Ну, мятежники…

We use cookies. Read the Privacy and Cookie Policy

Ну, мятежники…

Герату пока повезло… А корабль шел в Ленинград…

На исходе последней недели семьдесят девятого года, когда «ограниченный контингент» наших войск еще не успел войти на территорию Афганистана, я получил задачу нанести бомбовый удар по северо-западной окраине Герата. «Там засели мятежники», — было сказано мне. Десяток их или целая дивизия, в доме ли сидят или митингуют на городской площади — об этом никто ничего не знал.

Штаб пришел в движение — извлекаются документы, ведутся расчеты, перезваниваются разведчики.

Рассматриваю крупномасштабные карты. Компактный крупный город, прижатый к горам, река, дороги. В справочниках сказано: около 160 тысяч жителей. Да вот и все. Куда бросать бомбы, где точка прицеливания? Народу набьем — это точно, но разбомбим ли мятежников? А может, тамошний народ — это и есть мятежники?
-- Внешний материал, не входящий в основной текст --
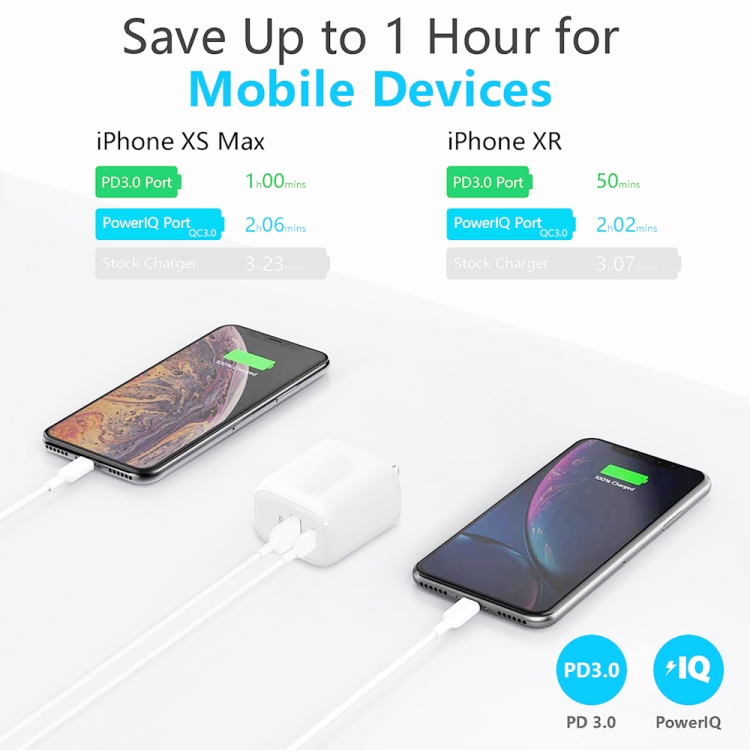4. Pd3.0 output 20W: DC5V / 3a, dc9v / 2.25A, DC12V / 1.65A
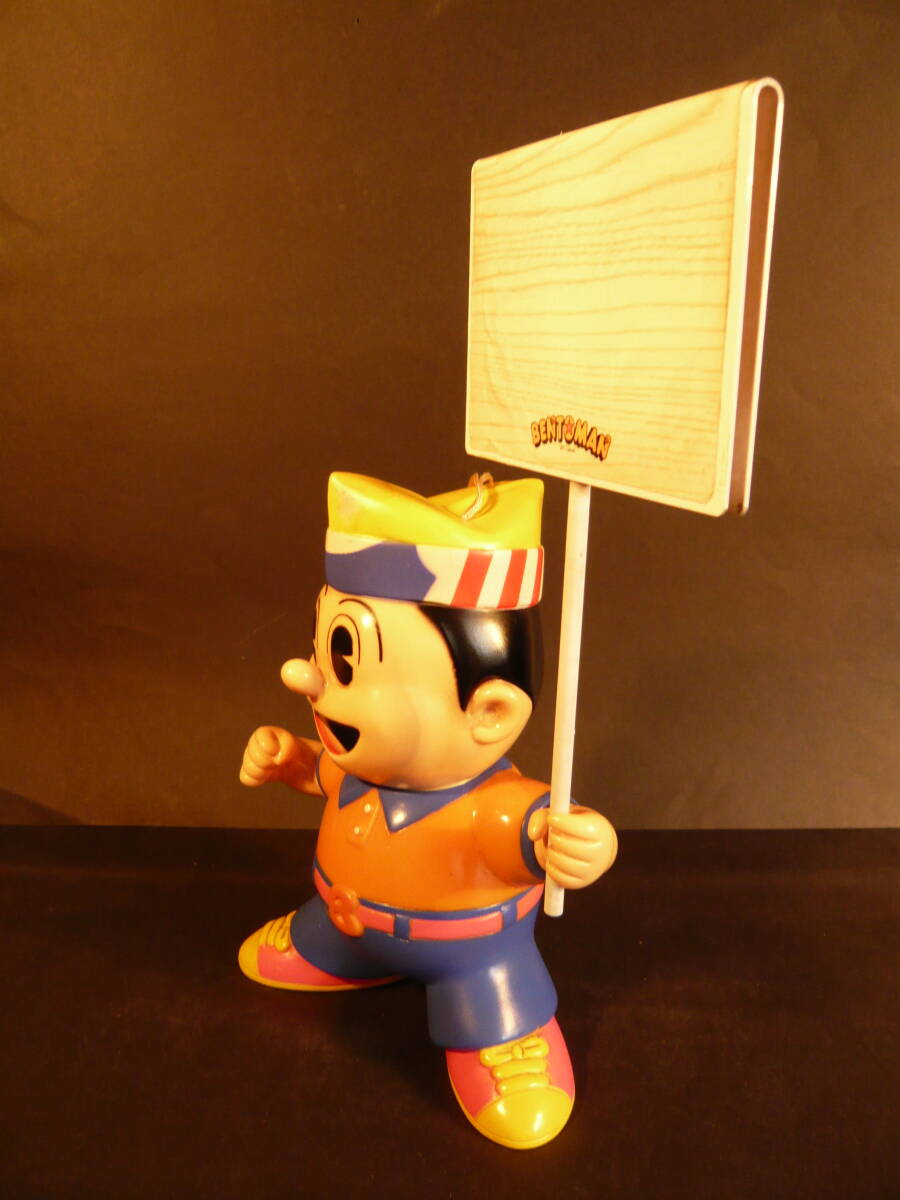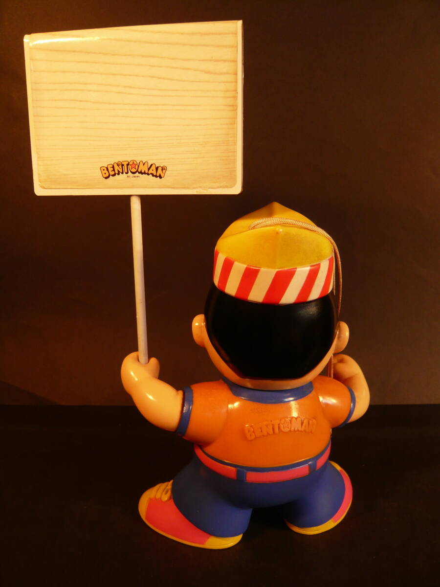 看板を手に持った状態での高さは、約27.5センチ。 ベントマン自身の高さは、18.5センチ、幅約15.5センチ、奥行き約8センチです。発送の際は、看板を外した状態で梱包します。

Честно говоря, я очень смутно представлял афганскую путаницу в расстановке противоборствующих сил, не отличаясь этим от моих начальников. Настораживала быстрая и кровавая смена лидеров. Верные друзья в одночасье превращались в заклятых врагов, их сменяли неведомые миру новые фигуры с предписанием свыше — любить и жаловать. Игра с лидерами шла на уровне высшего партийного руководства обеих стран. Народ же, эта вечная и безответная жертва политиков, в этом афганском марафоне, как водится, не участвовал.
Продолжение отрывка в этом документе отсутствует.